The Ukrainian president elaborated on the subject. “Ukraine has never broken and will never break a single letter of our arrangements (regarding to gas export and transit operations) with Russia and Europe alike,” said Yushchenko. Ukraine replenished the shortage by 80% using gas from the Ukrainian storage tanks when Russia cut the deliveries, according to Yushchenko. When asked by Vremya Novostei about the ways used to make up for the remaining 20% of the undersupply, the head of Naftogaz Ukrainy Alexei Ivchenko plainly confessed: “We simply cut the domestic consumption.”
Later an independent gas expert who requested to remain anonymous, said that Yushchenko was wrong while referring to that 80 percent. The Ukrainian president had been misinformed by a member of his own team, according to the expert.
Neither Moscow nor Kiev is keen on reproaching each other. They are ready to start building a relationship from scratch yet another time. To make a point of those efforts, Putin and Yushchenko unveiled the plans to start working on new joint energy projects in the near future. However, the new projects turned out to be the old ones relating to the construction of new branches of a gas pipeline e.g. Uzhgorod – Bogorodchany, Pskov – Uzhgorod. The above will allow to “widen” the narrow sections of the existing major pipeline delivering natural gas from Russia to Europe.
Ukrainian Minister of Fuel and Energy was promoting those plans hard. He called them the restoration of the gas consortium project, which was designed way before the concept of a Russian-Ukrainian-German consortium came into being. In the meantime, sources in Gazprom were quite skeptical about the plans. They had doubts regarding prospects for Russian gas monopolist to gain control over Ukraine's gas distribution network.
So far Moscow has been skeptical with regard to Kiev's readiness to take part in a tender for the construction and supply of pipes to North European Gas Pipeline project. Secretary of Ukraine's National Security Council Anatoly Kinakh said recently that his country was ready to supply pipes to the project.

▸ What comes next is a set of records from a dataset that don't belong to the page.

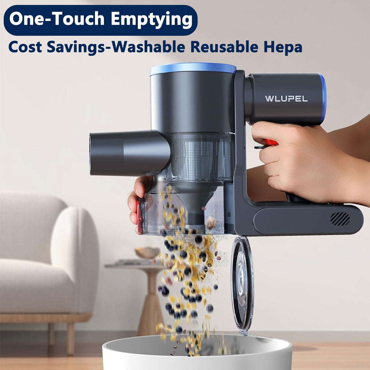 Cordless stick vacuum features a 450W motor, up to 38Kpa suction, and a smart LED display. With 2 power modes, 45min runtime, anti-tangle brush, 7-stage HEPA filtration, and a 1.5L dust cup, it’s perfect for pet hair, carpets, and hard floors. Lightweight and easy to maneuver.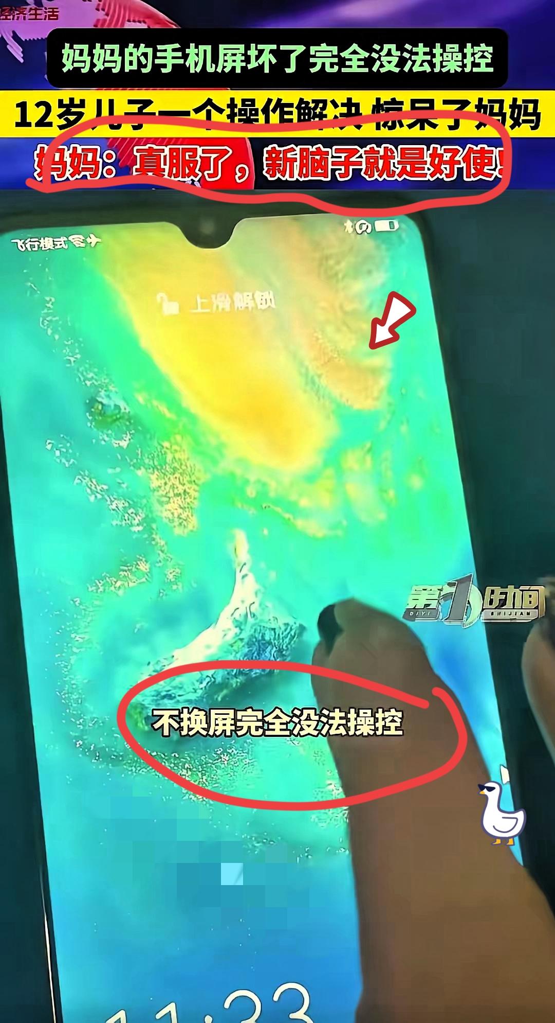 手机摔成“砖头”没法用?12岁儿子一招直接救场,宝妈省下几百块直呼没想到! 屏幕彻底失灵,大人第一反应都是赶紧送修花钱换屏,可孩子偏偏不按常理出牌。一根OTG转接头接上鼠标,光标一出来,手机瞬间“复活”,这波操作直接看呆家长。很多成年人天天用手机,却不知道安卓自带外接设备的实用功能,反倒是从小接触数码产品的孩子,凭着爱摸索的劲儿,轻松解决了大人束手无策的难题。 其实不是孩子比大人聪明,而是我们习惯了遇事找专业、花钱买省心,思维被固定住,少了那份敢试敢探索的劲头。别总觉得孩子玩电子产品就是耽误事,正确引导,兴趣真能变成实打实的本事。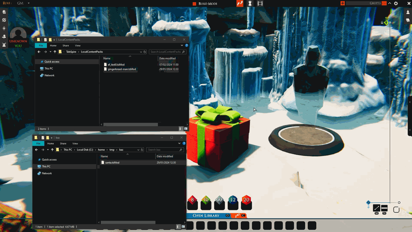 You can drop those mods into a folder, and TaleSpire automatically finds them and makes them available.

The Russian side says it can provide Russian-made pipes for an overland section of the pipeline while the best-quality 210-atmosphere pipes for an underwater pipeline section can be purchased in Japan or Germany. At the press conference in Astana, neither Putin nor Yushchenko said anything regarding the possibility of Ukraine's participation in the project.
Ukrainian Prime Minister Yuri Ekhanurov is expected to make a visit to Moscow soon. Vremya Novostei believes that the Kremlin still does not care whether Ekhanurov will be referred to as “acting prime minister” in line with the decision of the Ukrainian parliament that dismissed the government, or he will be referred to as “prime minister” pursuant to Yushchenko's statement regarding the above decision of the parliament as being unconstitutional and therefore null and void.
Roughly three months before the upcoming elections in Ukraine, Russia seems to be stepping up implementation of the friendly intentions outlined in Astana. That is the reason behind yet another of Astana's arrangements with regard to a visit of newly appointed head of the Russian Atomic Agency Sergei Kirilenko to Kiev, which is slated for the near future. Russia and Ukraine intend to mine and enrich uranium, produce nuclear fuel and sell it on the markets of third countries.
Nursultan Nazarbayev now can, and with good reason, call himself a peacemaker for Russia and Ukraine. It was very prudent of him to “schedule” his inauguration right after the end of the gas prices conflict between Russia and Ukraine.